*EXERCISE DATA*:
========================
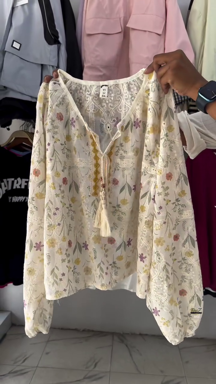 Soft Floral Print in Pastel Hues: The beautiful floral pattern in soft pastels gives this top a light, airy feel, making it perfect for warm days or layering in cooler weather. The gentle color palette adds a serene, relaxed vibe to any outfit.
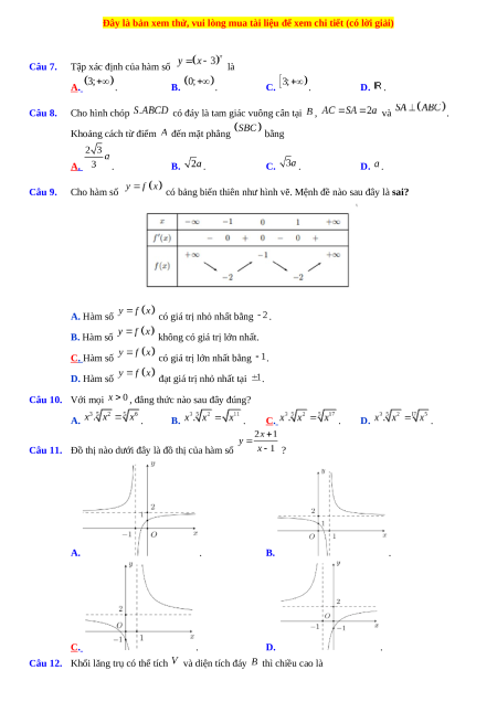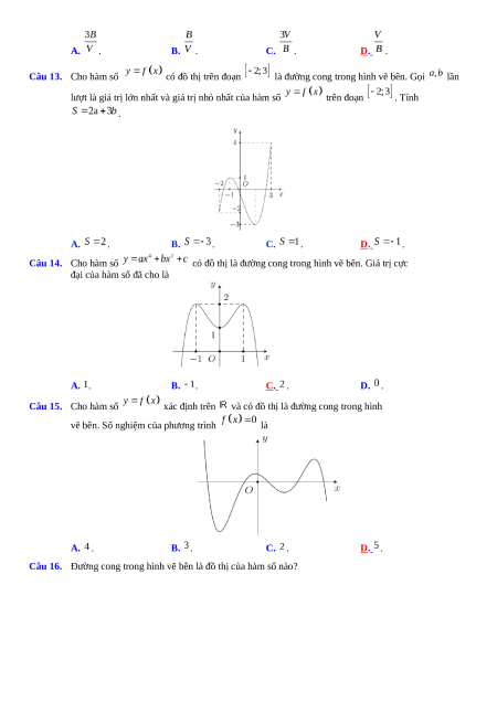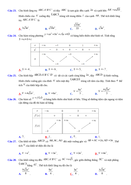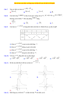Câu 12. Khối lăng trụ có thể tích và diện tích đáy thì chiều cao là A. . B. . C. . D. . Câu 13. Cho hàm số
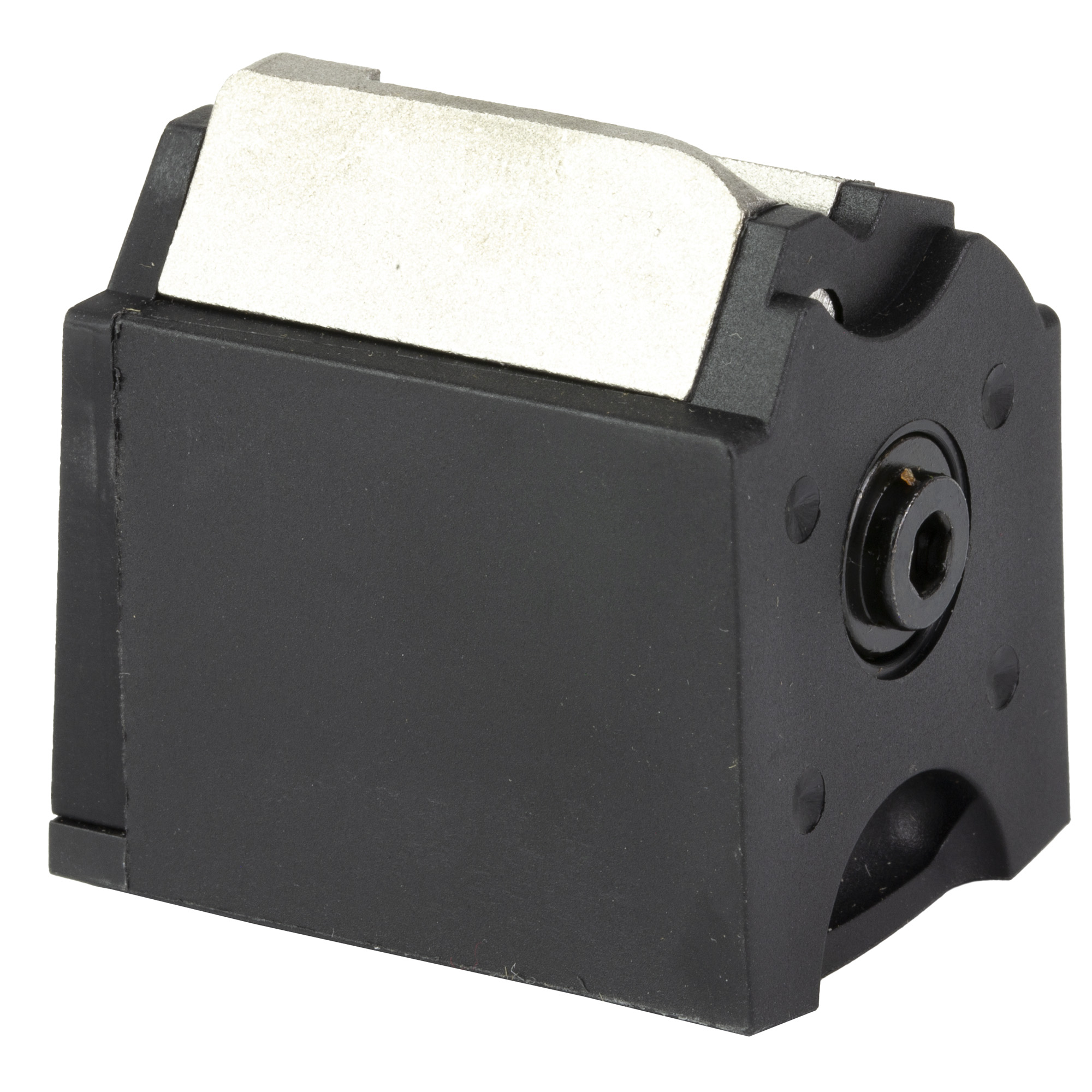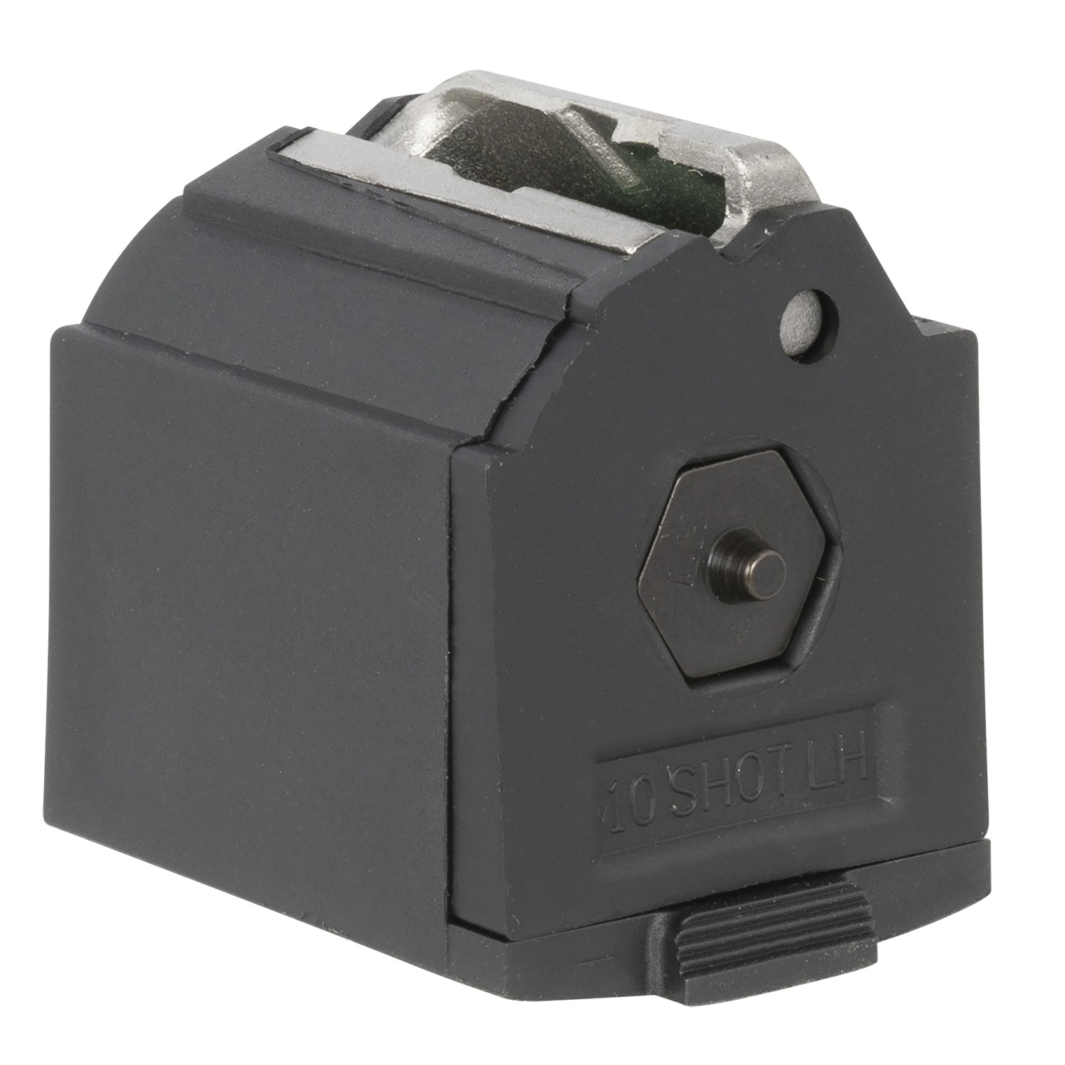 The BLX-1 Left-Hand magazine is made of black plastic with steel feed. It works with any factory original 10/22 Rifle with left-hand feed and ejection only.
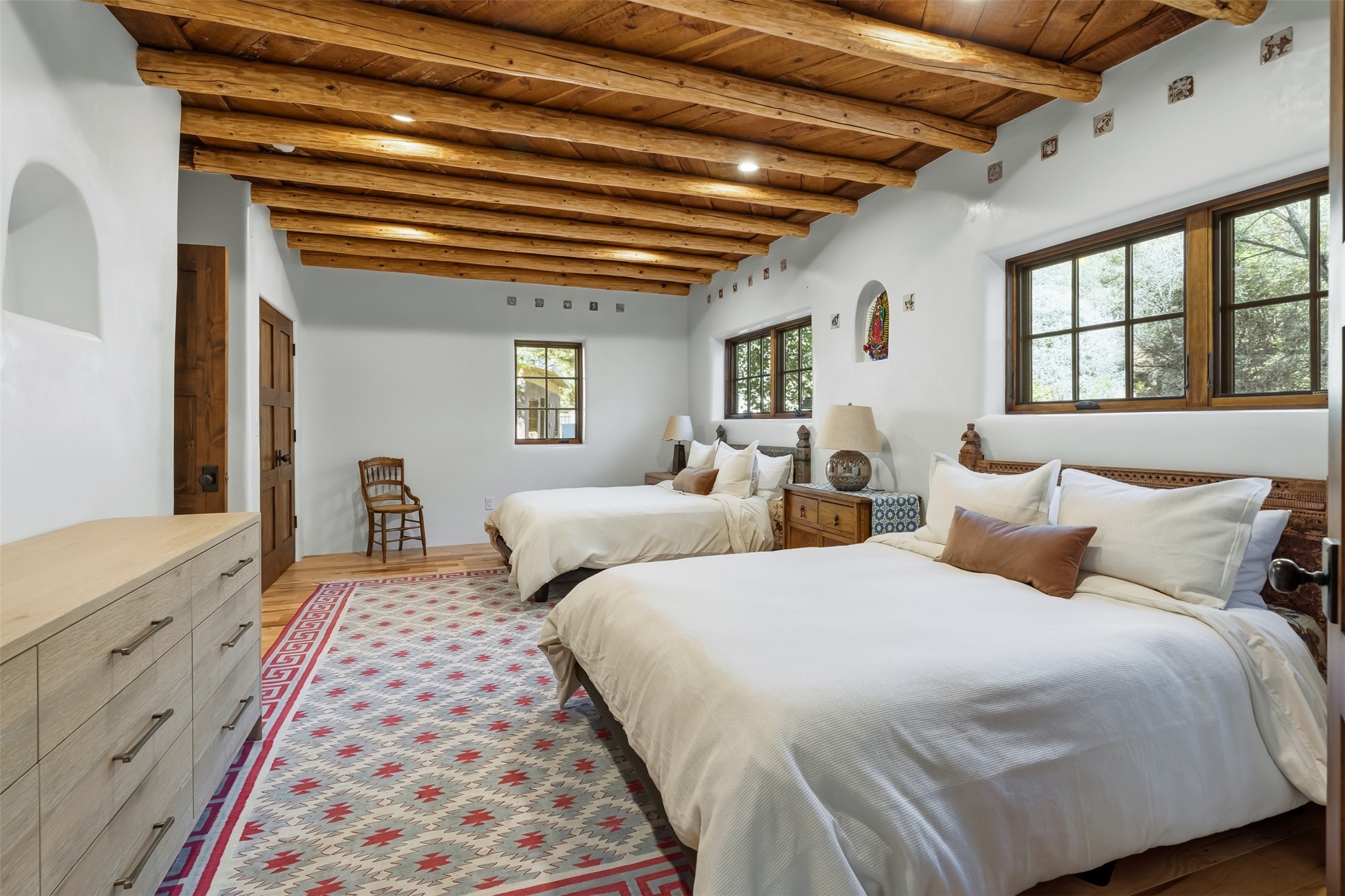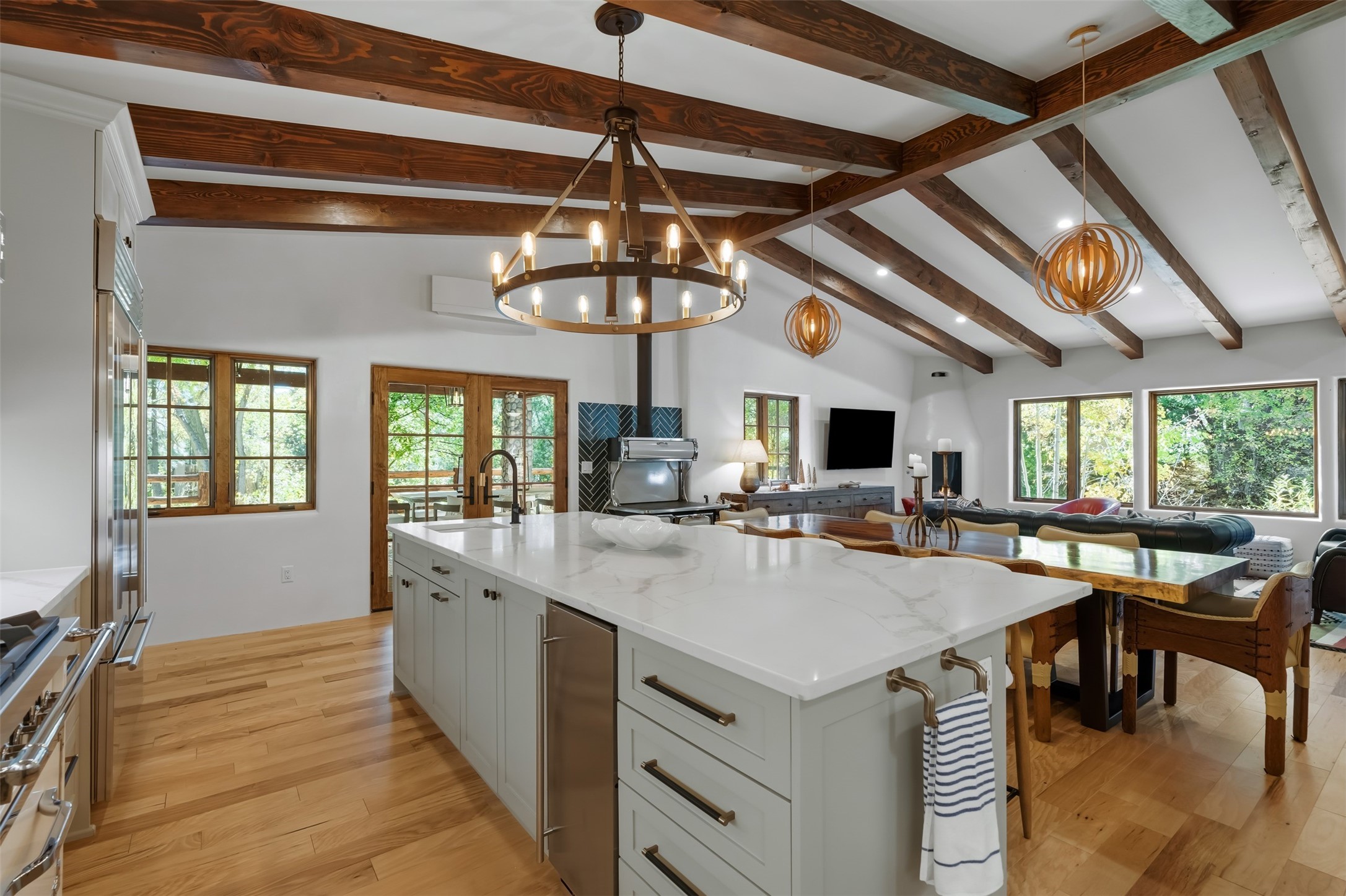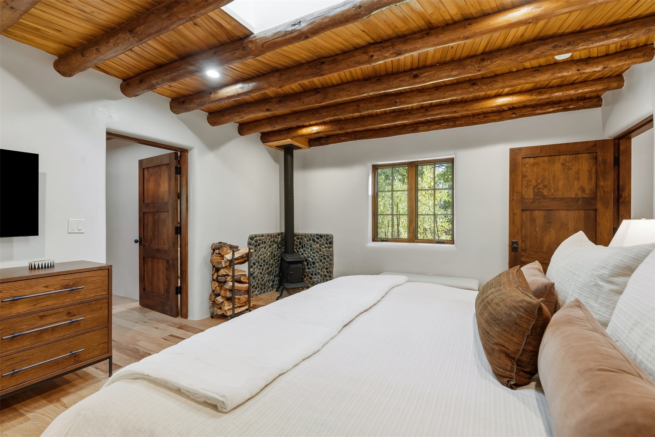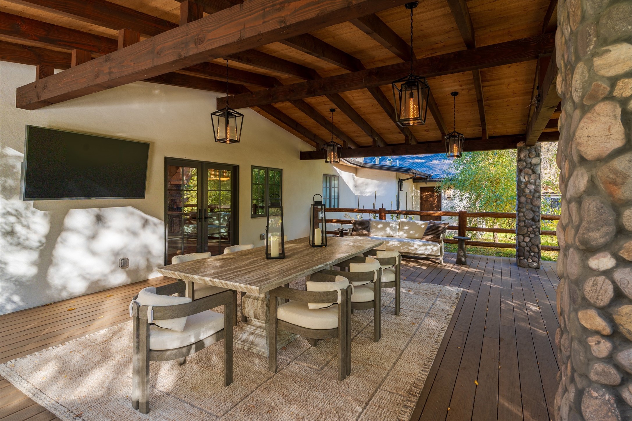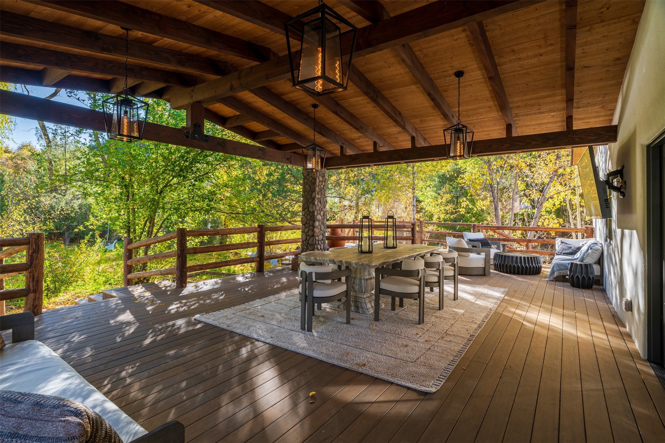 Welcome to 14 The Ledge, a rare offering in the heart of Pecos, NM, where tranquility meets luxury. This exquisite 2,439-square-foot estate is nestled on 5.35 acres of prime Pecos Riverfront, boasting 362 feet of private river access. Perfectly remodeled, this home features three ensuite bedrooms, each offering a private sanctuary for relaxation. The chef's kitchen features a large island, Sub-Zero fridge, under-counter ice maker, and Viking Tuscany range, dishwasher, and hood beautifully accented by smooth plaster walls and artisan tile throughout.Step outside to discover covered outdoor living spaces, complete with a hot tub, ideal for entertaining or unwinding amidst nature. The property is adorned with charming features such as an antique wood stove, gas kiva fireplaces, and a potbelly stove, enhancing its rustic elegance. Recent upgrades include new stucco, a new roof, and new windows, ensuring modern comfort and efficiency.The oversized finished garage provides ample space for vehicles and storage, while the additional outbuildings, make this property horse-friendly. The guest house offers studio potential, making it an artist retreat or writer's haven. A private well and new septic system further enhance the self-sufficiency of this secluded oasis.Located near the Santa Fe National Forest and Lisboa Springs, this property offers unparalleled opportunities for fly-fishing and outdoor adventures. With no HOA restrictions, this estate is perfect for seasonal or full-time living. The option to purchase furnished makes this a turnkey opportunity for discerning buyers.14 The Ledge is more than a home; it is a lifestyle. Whether you seek a peaceful retreat or an active outdoor haven, this property offers the best of Northern New Mexico living. Experience the serenity and beauty of this exceptional estate, where every detail has been thoughtfully curated for the ultimate in comfort and style.
========================
*YOUR TASK*: Begin at the top of the material above and output each line exactly, stopping after the line that holds "Câu 12. Khối". Leave out pictures.

*RESULT FOR THIS TASK*:
 Soft Floral Print in Pastel Hues: The beautiful floral pattern in soft pastels gives this top a light, airy feel, making it perfect for warm days or layering in cooler weather. The gentle color palette adds a serene, relaxed vibe to any outfit.
Câu 12. Khối lăng trụ có thể tích và diện tích đáy thì chiều cao là A. . B. . C. . D. . Câu 13. Cho hàm số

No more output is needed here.